IMPACT
MATTHEW MEISEL: "ALWAYS CHALLENGING"
After his 1999 graduation from St. Edmund's Academy, Matthew Meisel attended Pittsburgh's Taylor Alderdice High School where he was a National Merit Scholar. This month he begins his junior year at Harvard, majoring in chemistry. We asked him to reflect on his experience at St. Edmund's.
Meisel's report:
During my time at St. Edmund's Academy, it never seemed like I was doing anything extraordinary to prepare myself for future academic challenges.
But after having graduated from high school and moving on to college, it's easy to see how St. Edmund's laid the foundations for my progress in the years to come.
For starters, St. Edmund's taught me specific skills that have guided me over the past six years and will continue to serve me well.

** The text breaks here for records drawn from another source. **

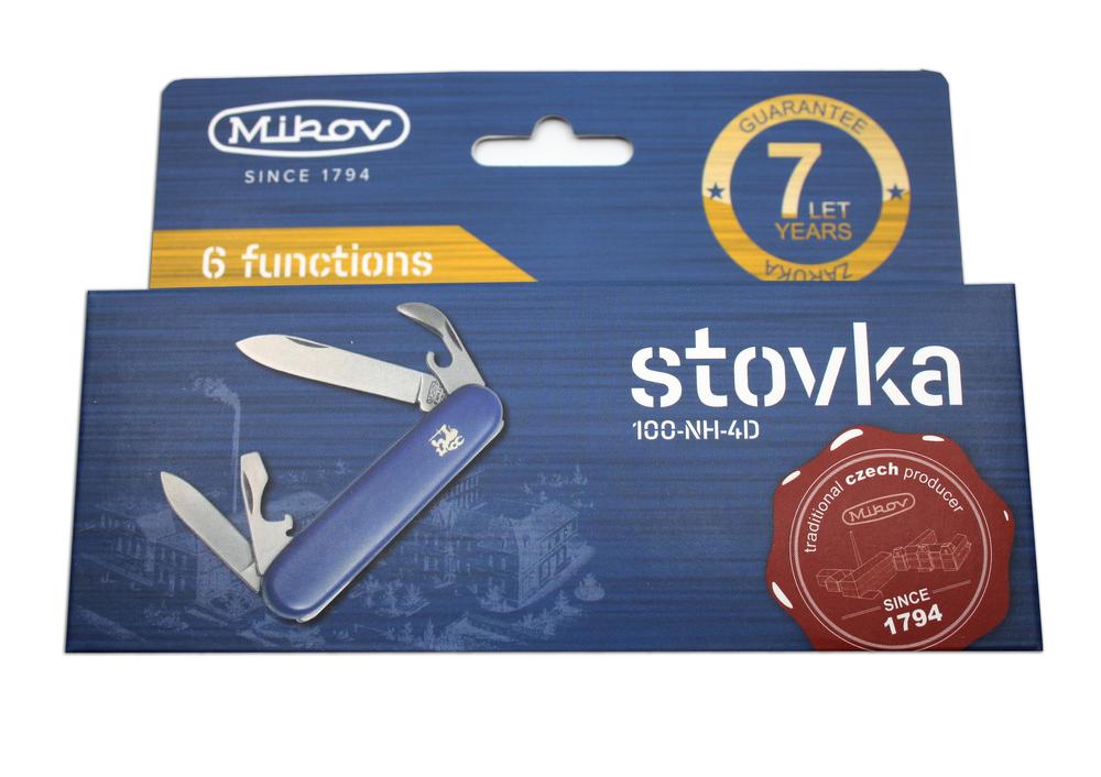 Stovka je tradiční kapesní zavírací nůž. Jednou z mnoha výhod Stovky je velikost, vejde se do každé kapsy a je proto ideálním společníkem pro každou příležitost. Příkladem využití může být táboření, krájení potravin, využití v přírodě nebo při práci na zahradě. Čepel kapesního nože Stovka je vyrobena z kvalitní nerezové oceli 420, elegantní střenka je vyrobena z odolného plastu, díky které padne do každé ruky. Stovka je kvalitní výrobek nožířské firmy Mikov, která sídlí v srdci Českého Švýcarska ve městě Mikulášovice.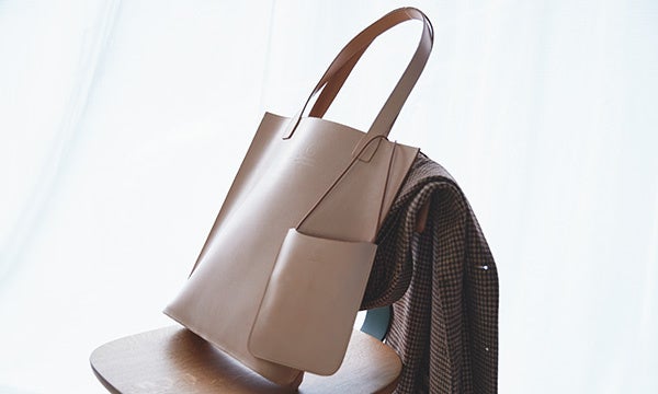 外観はレザーとステッチのみのシンプルな素材使いながら直線と曲線を上手く織り交ぜたデザインで存在感のあるトートバッグです。横幅が約27cmとコンパクトなため、すっきりとしたサイズ感で男女ともに使い勝手の良い設計です。また、オフシーンのみではなく、ジャケパンなどのオンシーンのスタイリングにもサッと馴染んでくれて様々なシチュエーションで使い勝手の良いバッグです。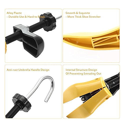 - Make Shoes Perfect Fit Your Feet:Shoe trees is made from hard ABS plastic material,premium steel shaft with umbrella handle,tough and durable you will be able to use it for a long time, easier to clean and store away.Plastic shoe stretcher has a vertical design due to which you can use it either on your left shoe or the right one.

Certainly, two of the most important ones were – and it sounds so simple – presenting a dynamic speech and writing a strong research paper. But neither was taught as a skill in a vacuum – it was always in the context of another topic that was both exciting and worthwhile. I spent nearly a month working on a speech about a particular comedy writer and, in the process, began to learn to analyze television and print media. In the three months spent on my senior research paper, I learned a substantial amount about research, the writing process, and, not to be forgotten, Cold War history.
But my overwhelming memory of my schoolwork at St. Edmund's was that it was always challenging. Sometimes, it was because of the high expectations of my teachers. Other times, it was due to the uniqueness of a project that forced me to explore creative techniques, or devise creative solutions, in ways I hadn't had to previously. None of Mr. Jenkins' French worksheets were ever fini until it was parfait, and no piece of art was ever complete without a critical glance along the way. And along the way, I learned to set high expectations for myself as well. The senior paper I mentioned earlier went through a half-dozen major revisions with my teachers, but by eighth grade I knew that I had to be as much of a driving force in the revision process as they were.
My academic toolbox was quickly growing by the time I graduated. And the tools I acquired along the were not disparate – over the course of nine years at St. Edmund's, I learned how to combine them to be confident, analytical, creative, self-critical – and all at the same time.